So Kerry, do you have a general way or overall philosophy of the way you approach the markets each day to find money-making trades?
Kerry Szymanski: I do. Basically, I'm looking at the overnight range. This is for my day trades. I'm looking at the overnight range and the S&P and then I'm looking for expansions of that that I can save. So generally speaking, what I do is I'll find the highs and lows and then look for a Fibonacci expansion of 1.27 to 1.618 of that range. I find that that generally is a pretty good opportunity there to get in and make a few points. And then if it moves beyond that a lot of times if you go to the day session, the previous day session, I'll look for that same thing, an expansion of that range and then if you can familiarize yourself with some of the harmonic patterns that occur in these markets and have one of those complete in range, you usually have a very high-probability trade.
Tim Bourquin: Now, harmonic patterns, is that the same thing as Fibonacci?
Kerry Szymanski: Harmonics are—I'm going to use that term loosely because it can refer to a couple of things, but one thing that it refers to is the cycles, the link of the cycles themselves that tend to repeat within a given market. In the S&P, that number seems to be around five points. So basically, that's one way to look at it is for a continuation of that cycle or an expansion of that cycle. And then the other thing is you can have harmonic patterns. Probably, the best examples of those would be Elliott Wave or if you're familiar with Larry Pesavento's work, Gartley Patterns, butterfly patterns, three drive patterns.

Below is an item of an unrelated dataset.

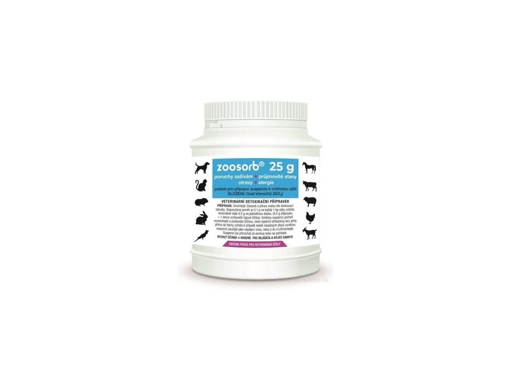 Zoosorb prášok 25 g je rýchlo pôsobiaci veterinárny prípravok určený pre cicavce a vtáky, ktorý slúži na podporu trávenia, riešenie hnačkových stavov a pomoc pri akútnych otravách či alergických reakciách. Ide o účinný adsorbent na báze oxidu kremičitého (SiO₂), ktorý na seba viaže škodlivé látky, toxíny či alergény a pomáha ich bezpečne odviesť z organizmu zvieraťa.

Tim Bourquin: Now, when you're looking for those overnight ranges and we're looking at the previous day, are you looking at an hourly chart or is it just a daily chart? What is it?
Kerry Szymanski: I generally use a five-minute chart to take a look at the overnight range because you're dealing with a longer period of time, so that gives you the ability to see all of that data on one chart in front of you. If you're looking at the previous day's range, I use the three- or four-minute chart.
Tim Bourquin: Now, are you typically trading for S&P E-mini contracts or full S&P contracts?
Kerry Szymanski: I use the E-mini contracts for my day trades. For my short-term to intermediate-term trades, I generally use the exchange-traded fund SPY.
Tim Bourquin: We've talked to a lot of people the last couple of weeks, and I don’t know if it's just coincidence, but they all seem to use Fibonacci in one way or another. I mean, it's always been popular, but for some reason over the last couple of years it seems to be seeing a little bit of a resurgence in active traders using this. Any particular reason for that?